Olga Igoryevna Detenyuk (Ольга Игоревна Детенюк; born June 23, 1993) is a Russian swimmer, who specialized in breaststroke events. She represented her nation Russia, as a 15-year-old, at the 2008 Summer Olympics, and has claimed a full set of career medals in a major international competition, spanning the World and European Junior Championships and the inaugural 2010 Summer Youth Olympics in Singapore.
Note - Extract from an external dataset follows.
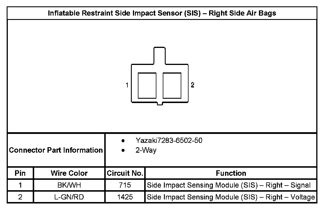 Inflatable Restraint Side Impact Sensor (SIS) - Right Side Air Bags: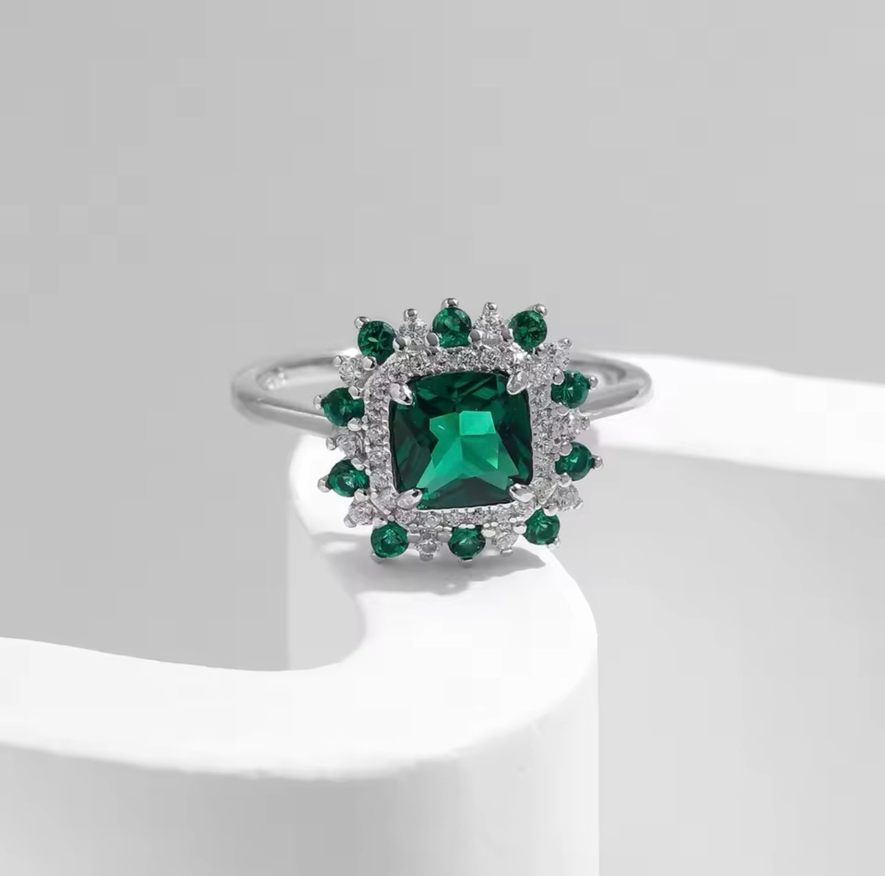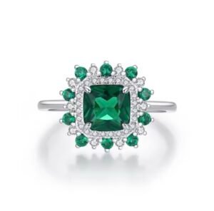 Anel em prata 925 com pedra central verde em destaque, rodeada por delicadas zircônias cravejadas que intensificam o brilho da peça. Um design sofisticado e elegante, perfeito para quem ama joias marcantes e cheias de charme.

Detenyuk claimed her first title in the 200 m breaststroke at the 2008 FINA Youth World Swimming Championships in Monterrey, Mexico, demolishing a meet record of 2:25.19. Leading to her Olympic debut as a fifteen-year-old, she scored a second-place time of 2:26.15 just behind Yuliya Yefimova to assure a direct selection to the Olympic swimming team and slide strenuously under the FINA A-cut (2:28.20) at the Russian Championships on that same year in Moscow.

At the 2008 Summer Olympics in Beijing, Detenyuk competed as a lone Russian swimmer in the women's 200 m breaststroke. Swimming alongside Yefimova in heat four, Detenyuk tried to hold on with the top four leaders throughout the race, but faded down the stretch to take the seventh spot in 2:27.87. Detenyuk missed the semifinals by 0.6-second margin, sharing a twentieth-place tie with Great Britain's Kirsty Balfour in the prelims.

When Singapore hosted the inaugural 2010 Summer Youth Olympics in 2010, Detenyuk and her teammates Alexandra Papusha, Kristina Kochetkova, and Ekaterina Andreeva solidified their silver-medal finish in the girls' 4×100 m medley relay with a time of 4:11.07, trailing the victorious Aussie foursome by nearly two seconds.